In my environment there are lots of deactivated policies. just for information, is deactivated policies impact master server performance?

 

4 REPLIES 4

quebek
Moderator
Moderator
   VIP    Certified

Hello

IMHO I doubt... but if you don't need them why to keep these??

Hello,

These are oracle policies. Actually we have configured for both server (active and standby) and at a time policy is active for active server and for standby server policy is in deactivated state.

If there is a issue with active server, then standby server will be activated. And we will deactivated first policy and activated another one.

Because we dont have VIP/cluster in my environment.

 

quebek
Moderator
Moderator
   VIP    Certified

OK - understood...

Who is initiating backup NBU or a crontab/task scheduler from client?

If backups are initiated from client side - I would relay only on one policy and in clients tab include both servers active and standby.... But if NBU is scheduling these than your approach seems to be OK..

Hi @Dav1234 

Another way that may work would be to create a CNAME alias which points to the current active node.

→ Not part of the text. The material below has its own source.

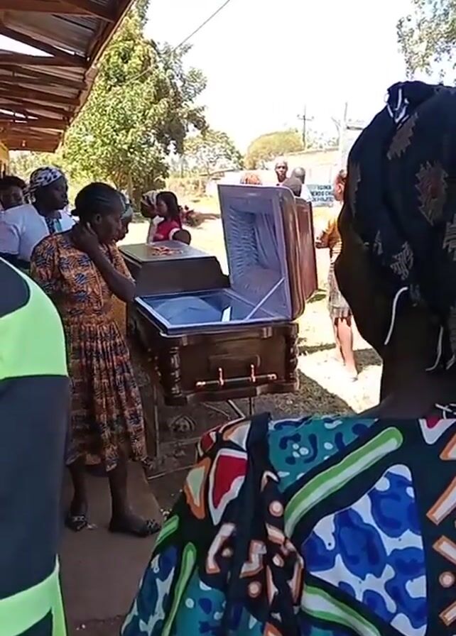 funeral service taking place outdoors. There is an open coffin on a stand, with people gathered around it, some looking inside. Most of the people appear to be women. One woman is wearing an orange and brown dress and is holding her face, seemingly in grief. The setting appears to be rural or suburban, with trees and houses visible in the background. The weather is sunny. The camera appears to be held by someone standing in the crowd.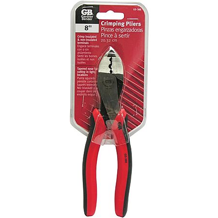 Gardner Bender GS-388 Electrical Pliers, Crimper & Cutter, Comfort Grip, Aluminum & Copper Wire, Hand Tool, 8 in. , Red https://www.amazon.com/dp/B00079LN1Y

So as part of you failover process you update the DNS record. This may also help to reduce overhead when switching as clients may not require any changes to keep working, just reconnect. You would need to revie the TTL for the CNAME and host records to ensure changes propagate correctly.

Also within NetBackup to support this you may need to create client aliases as the RMAN stream will still come from the node. Have a look at appendix B of the NetBackup Oracle admin guide around how to support Oracle RAC which is kind of what you have without the cost. 

And to answer your original question - yes having deactivated policies does have an impact on the master server as it creates more work to process. That said the imapct these days would be negligible on any current system, so I wouldn't be concerned.